Yamanaka's group and two others followed up earlier this year with firmer evidence that these induced pluripotent stem (iPS) cells faithfully mimicked the patterns of gene activity and cellular differentiation observed in embryonic stem cells.

Now Yamanaka and his colleagues report in the journal Cell that the same combination of genes induced pluripotency in commercially available human fibroblasts (connective tissue cells that play a crucial role in healing) derived from the facial skin of a 36-year-old woman, the joint tissue of a man, aged 69, and a newborn, respectively.

The researchers report they were able to transform about one in 5,000 cells—enough to get several iPS cells from a single culture dish—and then coax them to become nerve cells or heart tissue on the benchtop. Genetic scans indicated that the cells were more similar to embryonic tissue than to the original fibroblasts.

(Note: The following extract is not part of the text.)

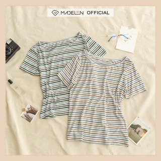 Áo thun ngắn tay cổ tròn kẻ ngang nhỏ MADELEN
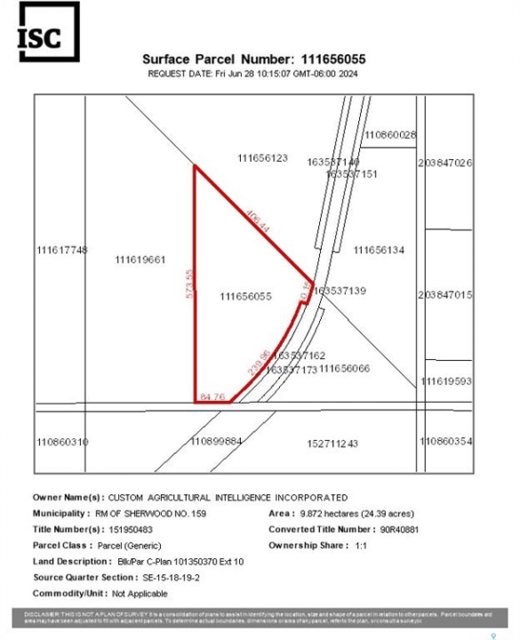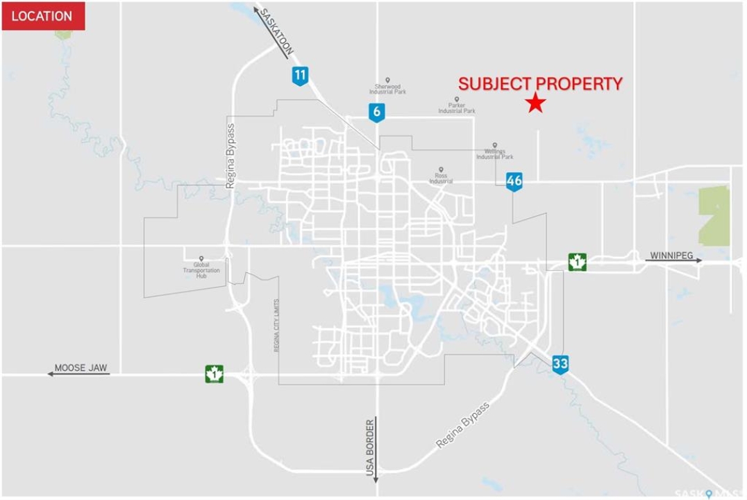 35 ACRES of land just north east of Regina near the Tor Hill Golf Course and the newly developed Parker Industrial subdivision. Priced below appraisal value. Accessible from Inland Drive, it's apprx 1 mile north of Regina City Boundary. Significant amount of civil work has been done. There is a detached garage and a storage shed on site for storage. 600 V transformer on site along with natural gas available. 10% deposit must be provided on all offers. All offers must be approved by Court.

"What I find remarkable," Kriegstein says, "is essentially the same steps that worked in the mouse were able to work with human cells…. Everybody assumed that it'd be a different story in reprogramming the human cells."

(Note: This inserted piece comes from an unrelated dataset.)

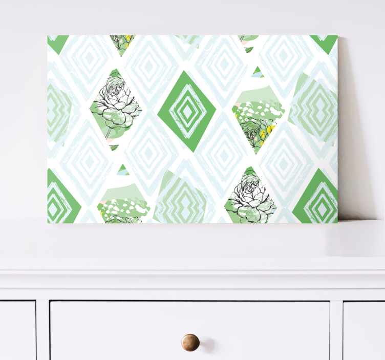 El cuadro de flores con patrón geométrico de suculentas es una obra que combina la belleza de la naturaleza con un diseño abstracto y moderno. Su representación de flores en formas de diamante y rombo en tonos de verde evoca la frescura y vitalidad de las suculentas, creando un ambiente acogedor y lleno de vida. Este maravilloso diseño gráfico es perfecto para quienes buscan una pieza que complemente su decoración con un toque de estilo contemporáneo.

Thomson's team reports producing a similar cellular alchemy using two of the same genes—Oct4 and Sox2—and two different ones—Nanog and Lin28,—making it less likely that the Japanese finding was a fluke.

Thomson, who in 1998 became the first scientist to extract human stem cells from embryos, says his group began seeking these factors four years ago, but chose to work with human cells. As of last spring, he says, his group, led by lab member Junying Yu, had pared an initial list of 100-plus genes to 14.

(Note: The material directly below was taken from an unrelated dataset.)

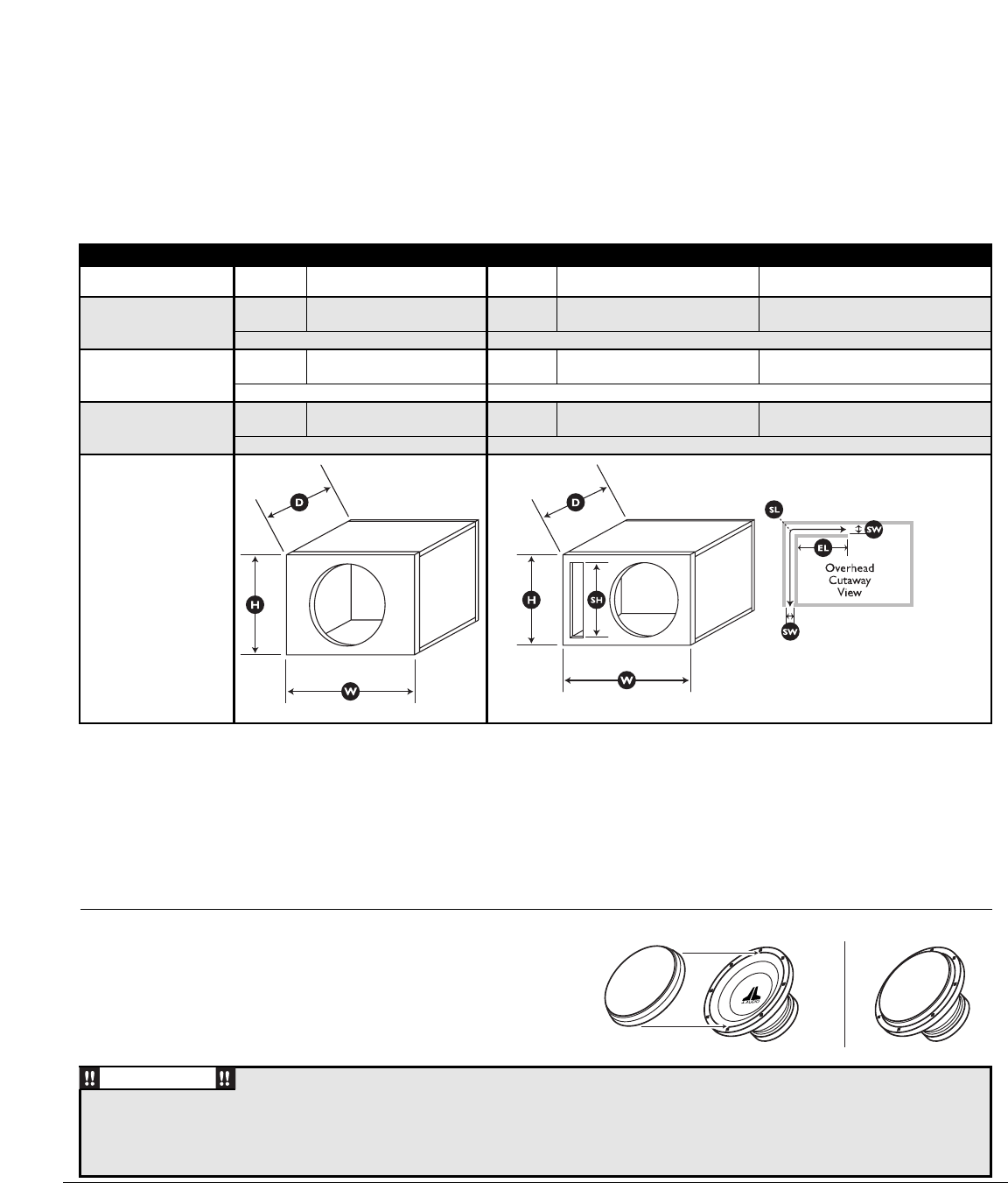 enclosure that will maximize the performance of your speaker. We highly recommend that you have

Then came Yamanaka, who Thomson says beat him to the punch because mouse cells grow much faster than human cells do, allowing more rapid experimentation. "We thought, 'oh no, it's already been done; we've been beaten,'" he recalls.

As many as a dozen major labs, he says, have since tried but failed to make reprogramming work in human cells. His team plugged along, testing gene combinations in four cell types in varying degrees of differentiation, hopeful that this would eventually lead to the correct genetic recipe.

In the online edition of Science, he and his colleagues report that Oct4 and Sox2 were capable of converting neonatal foreskin fibroblasts into cells similar to Yamanaka's, whereas Nanog significantly boosted the frequency of reprogramming and Lin28 upped it by a moderate amount.

Although Oct4 and Sox2 were well-known players in embryonic cells, "we thought this would be such a complicated problem, we never tested those genes up front," Thomson says. "It's kind of remarkably lucky that three or four [genes] are sufficient. I wasn't optimistic it would work."

The new results still leave researchers with the task of double-checking that reprogrammed cells are safe and truly have the same potential as the embryonic variety. They also have to figure out how to circumvent problems with the viral delivery system, which may disrupt important genes, resulting in cancer. Kriegstein notes that the hunt will likely commence for small molecules capable of activating the key genes.

Thomson predicts that companies such as Madison-based Cellular Dynamics International, which he co-founded, that test drug candidates for dangerous heart toxicity, could begin using cells derived from reprogramming in their assays within a year.

Whatever the source of pluripotent cells, Thomson says, researchers face the same scientific challenges—namely, understanding how to convert them into key tissues such as the beta islet cells that are impaired in diabetics, and then how to introduce them safely and effectively into humans.

Opponents of research on human embryos might contend that reprogramming happened because of the federal restrictions on embryonic research, but Thomson believes the stigma on the field made researchers wary and delayed the discovery of reprogramming by several years. "I'm cautiously optimistic" about reprogrammed cells, he says. "The worry is the politics will get involved again and squash caution."